В двухтысячном году Кейт нечасто доводилось улучить минутку в бесконечном вихре каждодневной рутины, чтобы задуматься, когда успело пройти столько времени. Раздумья, спокойное созерцание мира, да и просто отдых казались принадлежностью другой эпохи, недостижимыми и непостижимыми идеями из другой жизни. С другой дороги – которую она, как говорится, оставила про запас[113]113
Отсылка к стихотворению Роберта Фроста «Другая дорога» (The Road Not Taken, 1915). Пер. Г. Кружкова.
[Закрыть]. У матери троих детей – десятилетней девочки, неумолимо приближающейся к переходному возрасту, и мальчишек-близнецов, которым еще и двух нет, – не слишком-то много времени остается на то, чтобы подумать о себе.
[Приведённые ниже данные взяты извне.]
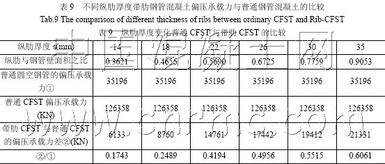 從表9 中可以知道,只有在縱肋與鋼管壁面積之比為0.5690,縱肋厚為22mm 時(shí),其縱肋部份鋼材的強(qiáng)度承載力損耗是最少是,僅為15%;當(dāng)縱肋與鋼管壁面積之比小于0.5690時(shí),其承載力損耗在20%左右;當(dāng)縱肋與鋼管壁面積之比大于0.5690 時(shí),其承載力損耗逐漸增大,當(dāng)縱肋與鋼管壁面積之比達(dá)到0.9 時(shí),其承載力損耗達(dá)到30%,損耗非常大。由于可知,通過增加縱肋厚度的方法增加縱肋與鋼管壁的面積比從而達(dá)到增加偏壓承載力的途徑是非常不可取的。
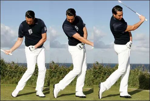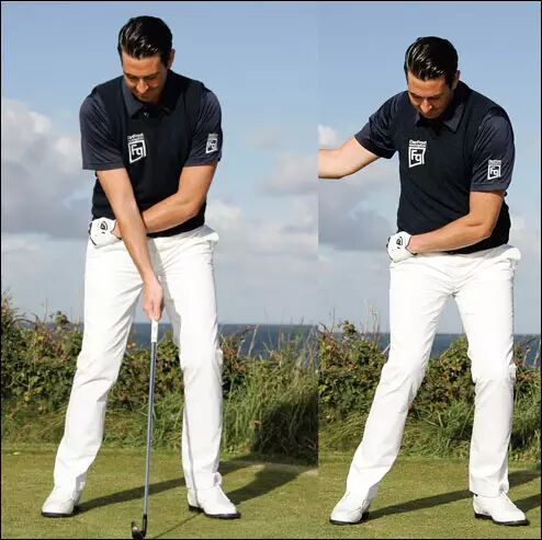 右:在整个挥杆动作中,保持手放在右边口袋上。

Разница в возрасте между детьми казалась такой огромной, что с тем же успехом можно было завести себе две отдельные семьи. Теперь-то она понимала, почему женщины стараются рожать с разницей в пару лет. С близнецами пришлось начинать все сначала, и сил на это уходило куда больше, чем когда-то с Марой.
Один за другим она разменивала свои дни на мелкую рутину, и сегодняшнее на удивление солнечное мартовское утро не сулило никаких перемен. Каждый раз домашние дела наваливались на нее огромной кучей, и, начав разгребать эту кучу еще до рассвета, она заканчивала работу уже затемно. Самое ужасное, что ничего сколько-нибудь осмысленного она сделать за день не успевала, но и на себя времени почти не оставалось. Жизнь домохозяйки с тремя детьми – это бесконечная гонка. Только об этом они и говорили с другими матерями, дожидаясь детей из школы. И еще о разводах. Казалось, каждый месяц распадается на части очередной такой крепкий с виду брак.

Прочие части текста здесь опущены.